The internet giant has been busy reworking its online news and media strategies such as home page renovation, bottomless page, email app, and endless news stream. And, now it is working even harder on the digital content aspect, especially after purchasing Summly.

What is significant about Summly?

The utility of mobile devices has constantly been changing in our lives. The mindset of users has changed from “what else can be done” using mobile devices to “how much can be done”. They are keen to know how much information can be gathered in lesser time. In this way, the latest bid of Yahoo! to buy Summly has been a calculated move to comply with the changing trends in technology.

Until now, most of the online content and pages were designed in a manner to suit browsing with mouse. And there was a need to develop technologies so that the content could be skimmed through using smartphones and tablets. Summly brought a revolution in this segment, coming up with snapshots of news stories, thus giving a simple approach to read the news at an ultra-fast speed.

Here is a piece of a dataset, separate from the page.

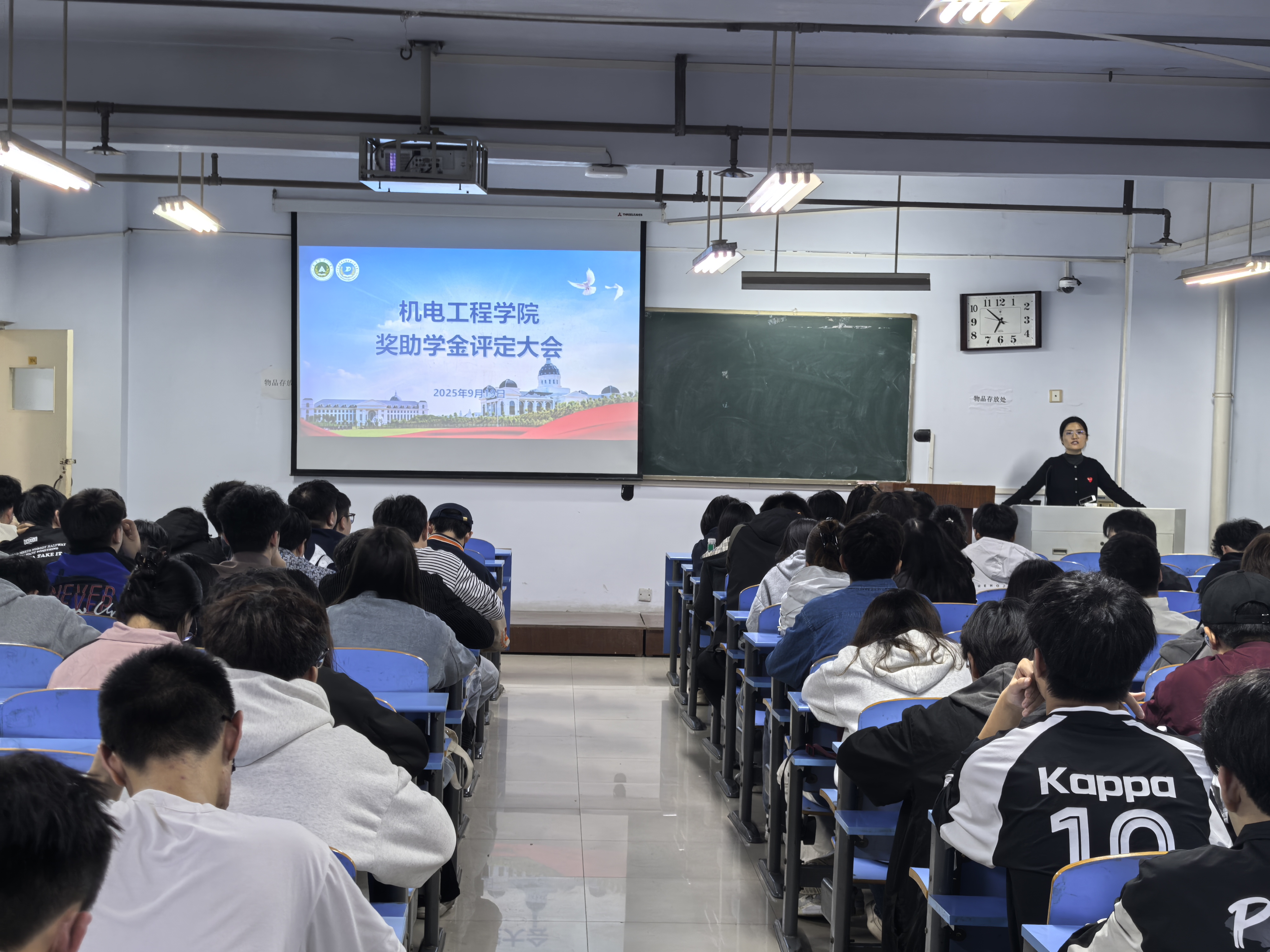 于文化路校区推广楼304教室召开2025年本科生国家奖助学金评定工作部署大会。学院团委副书记胡亭亭主持会议,全体本科生班级班长、团支书及25级新生助班参会,确保奖助学金评定政策与工作要求精准传达至各班级。

Yahoo! Inc. (NASDAQ:YHOO) has revealed that it will abandon the existing Summly app and mix it up with the company’s content processing tools already in use across verticals, especially in mobile applications.

The response of Yahoo!’s competitors is to be seen in coming times. But at this moment, the company is sending out a strong signal that it has the same crave for expansion and diversification in the online content space as Google Inc (NASDAQ:GOOG) and Facebook Inc (NASDAQ:FB) possess.

Marissa Mayer’s efforts in 2012 have been strengthening Yahoo!’s position in the digital content space, and the internet giant has steadily shifted its strategies toward mobile devices. Mayer’s former company, Google, is already an established name in this segment. While her ex-colleague at Google, Sheryl Sandberg, now COO at Facebook, has also shown her intent to pursue content products strategies more aggressively.

Google and Facebook, who have eclipsed Yahoo! by some distance in the mobile content sphere, will leave no stone unturned to counter Yahoo!’s refurbished strategies. But, Yahoo! has one advantage over others, especially over Google, in the form of Marissa Mayer, who used to take care of Google’s user experience and search products strategies as its Vice President. She is in a better position to guess Google’s move as she knows the firm inside out.